Euronews correspondent Anelise Borges was in the Venezuelan capital Caracas. She answered your questions about the embattled South American nation live on Facebook.

She said food is available in the shops, at least in the capital, but that people can't afford to buy it.

"Food is all people talk about," said Anelise. "Their lives revolve around trying to get their hands on something to eat. Their conversations are 'did you manage to buy anything today? Will you trade some with me?'"

Is support for Nicolas Maduro falling away?

Nicolas Maduro insists he is still the one and only president of Venezuela and he still has significant support. Traditionally poorer areas backed him and his predecessor Hugo Chavez, but Anelise said that, from what she has found, things are changing.
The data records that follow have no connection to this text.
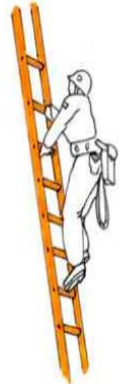
Fig. 41 - Corretta procedura di salita e discesa
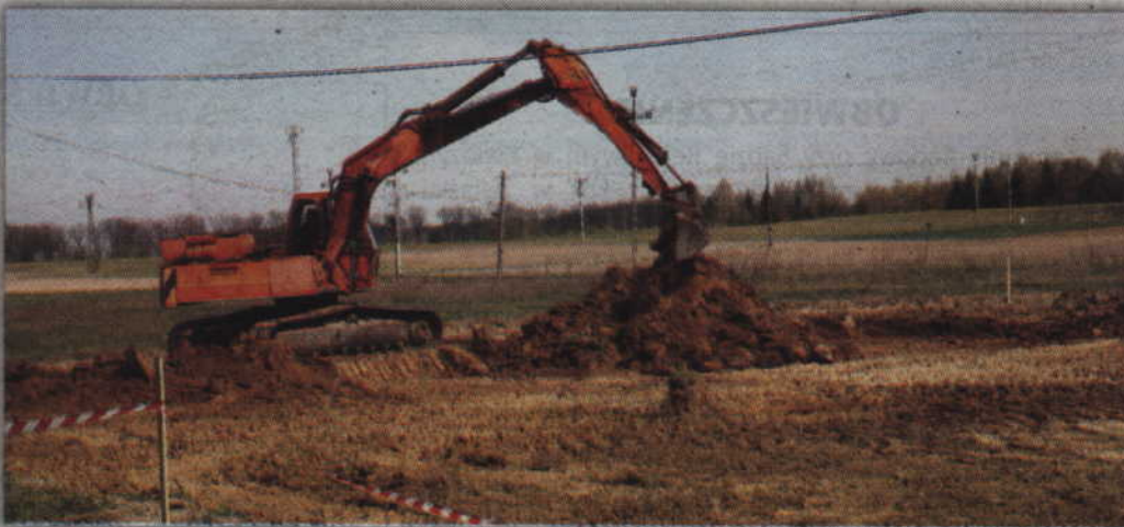
W pobliżu oczyszczalni powstaje nowy PSZOK.

ogrodzony. Powstanie zaplecze biurowe zapewniające pracownikowi poprawne warunki pracy. Oprócz tego, część punktu gdzie zostaną ustawione kontenery będzie zadaszona albowiem nie wszystkie odpady komunalne mogą być składowane pod gołym niebem. Jeśli w trakcie realizacji inwestycji nie pojawią się nieprzewidziane opóźnienia, nowy punkt zbiórki odpadów zostanie oddany do użytku w połowie lipca. (RB)
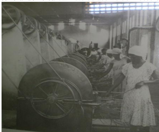
(Figura 5: Operárias “desfibrando” o caroá. Data incerta)
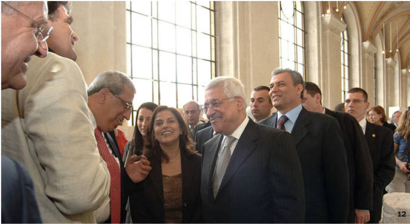
Fig. 12 Inauguration de l'exposition de Genève en 2007, en présence de S. E. Mahmoud Abbas, Président de l'Autorité Nationale Palestinienne.

Eröffnung der Genfer Ausstellung 2007 im Beisein von S.E. Mahmoud Abbas, Präsident der Palästinensischen Autonomiebehörde.
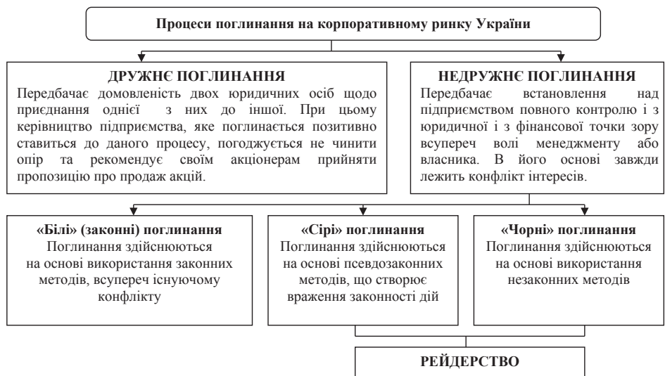
Рис. 2. Види операцій поглинання на корпоративному ринку України
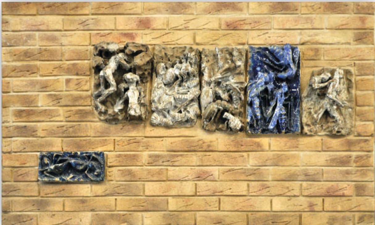
Afbeelding: Johan Creten, C'est dans ma nature , paneel 08, 2001, 6 elementen in geëmailleerd steengoed op imitatie baksteenpaneel, cement en hout, 88,5 x 153 x 15 cm

Zijn kunstwerk breekt met het conformisme en stelt de kijker voor existentiële vragen – wie, wat, waar, wanneer, waarom, hoe.
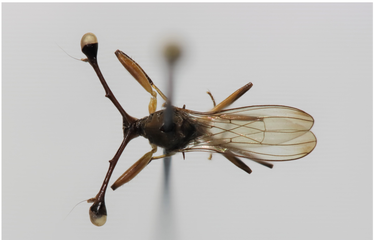
Figure 9 : Diasemopsis villiersi Séguy 1955

Lindner (1962) a désigné cette espèce comme synonyme de Diasemopsis conjuncta Curran 1931. Il n'a cependant pas examiné le type de villiersi , lequel a été vu par les Feijen qui confirment la validité de l'espèce (Feijen, communication personnelle : So Diasemopsis villiersi is a correct name. The synonymy proposed by Lindner and followed by Cogan & Shillito (1980) is rejected. Steyskal (1972) completely forgot Dias. villiersi in his catalogue. We examined the type of villiersi in Paris.
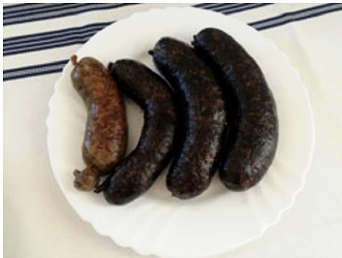
彼の実家で育てている豚を使ったブラッドソーセージ「ヴェーレシュ・フルカ」。
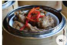
16. ซี่โครงหมูนึ่งเต้าซี่ STEAMED PORK SPARERIBS WITH BLACK BEAN SAUCE
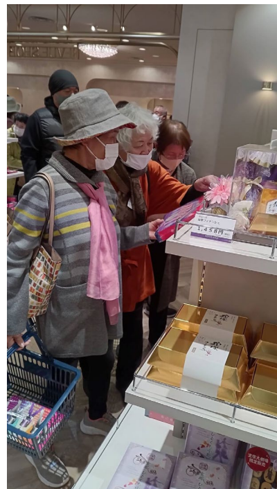
宝塚バウホールおみやげ売場にて
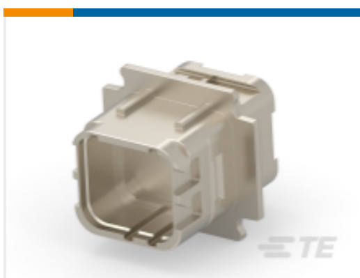
TE 产品编号ZPF00000000146309 Rectangular Connector Receptacle Extenders, Tool-less Assembly

"The situation in poor areas really transformed how the government is perceived. Poor districts really were Chavez's strongholds. Because of the social policies implemented by Hugo Chavez and Nicolas Maduro, now, even there, people are quite angry and tired.
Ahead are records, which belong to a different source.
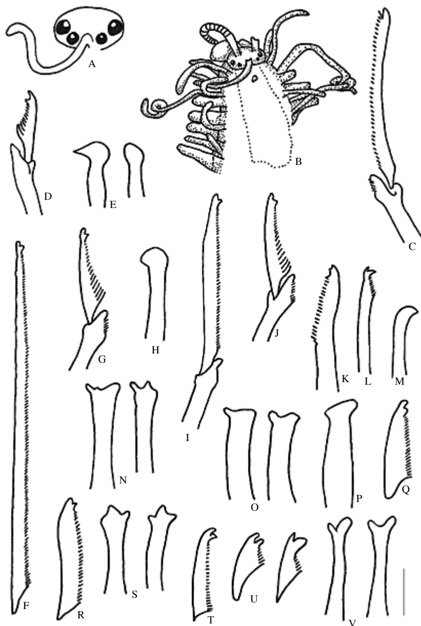
Figura 3. Perkinsyllis spinisetosa , A) prostomio. Perkinsyllis spinisetosa , B) parte anterior, C) espinífero anterior, D) falcífero anterior, E) acículas anteriores, F) espinífero medio, G) falcífero medio, H) acícula media, I) espinífero posterior, J) falcífero posterior, K) seta simple dorsal posterior, L) seta simple ventral posterior, M) acícula posterior. Perkinsyllis spinisetosa , N) acículas anteriores, O) acículas medias, P) acícula posterior. Sinmerosyllis lamelligera , Q) falcífero. Sinmerosyllis lamelligera , R) falcífero anterior, S) acículas anteriores, T) falcífero medio y U) acículas posteriores. Westheidesyllis cf. gesae , V) acículas. Escala 200 µm.

Discusión: Los ejemplares son similares al descrito para Cuba (San Martín, 1990); pero el ejemplar descrito por San Martín (1990) posee acículas que parecen bífidas, mientras que en los del Caribe mexicano hay una distalmente hinchada y oblicua, y otra capitada en setíferos anteriores y capitadas en setíferos medios y posterior en forma de L.
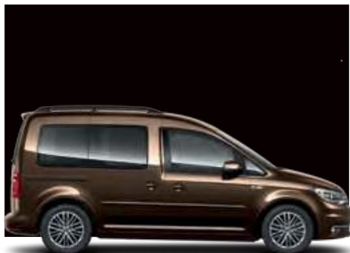
Brun Noisette | peinture métallisée | CC | TL | CL |
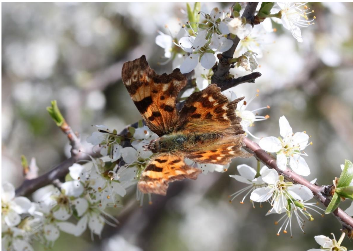
Figur 15. Sommerfuglen Hvit c Polygonia c-album på slåpetorn på Spornes, Arendal kommune.
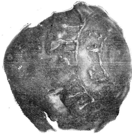
Pl. I. 1 a—d. Cupa de la Dumbrăvița.
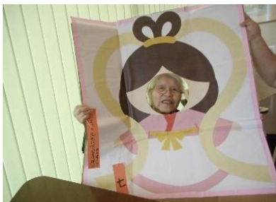
『織り姫様の登場です✨』
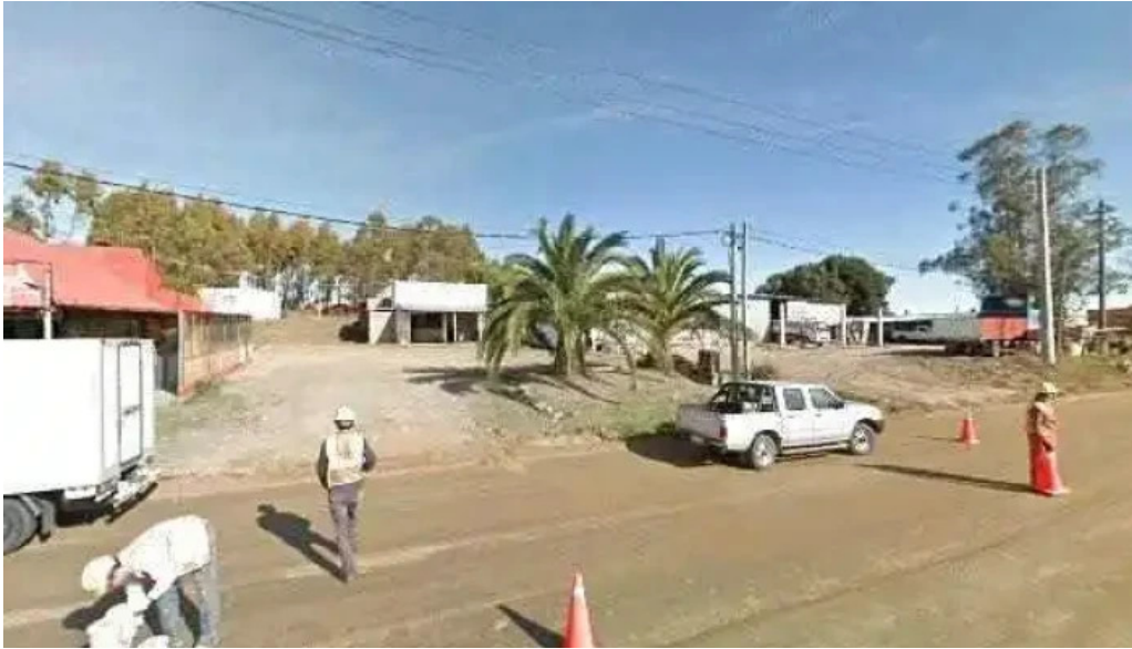
Parador don miguel street view y 360
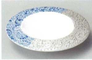
05606-149 プラチナ唐草丸向付 4,500円 60入 (18.5×3.5cm)
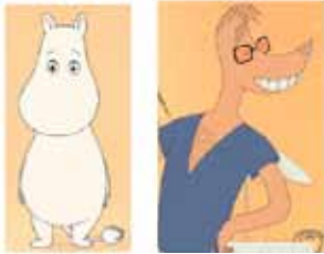
Moomin et Clark

"They talk about how disappointed they are with the current situation. I spent time in a family's house — we were invited to spend the night with a family and the owner of the house actually smiled at me when I went to wash my hands in her sink because she didn't have any running water."

A health catastrophe

Anelise also talked about the health crisis in the country and paints a very bleak picture:

"According to one non-profit organisation in Venezuela over half of the country's doctors have left the country. 70% of surgical theatres are now closed. Medicine is really hard to find. Hospitals don't have antibiotics, they don't even have simple things likes gloves or gauze or syringes so patients and families have to go to look for these very basic items themselves and of course it costs a lot of money."

A country divided

Anelise Borges said she spoke to many people from different walks of life with differing political views and found little unity:

"Many of them still believe that Nicolas Maduro can bring the country back to its past, to its former glory days of the socialist movement when the government could take care of its people... Others think that it's time for a change, that the country really needs a big shake-up and they are placing all their bets on, of course, the interim president Juan Guaido."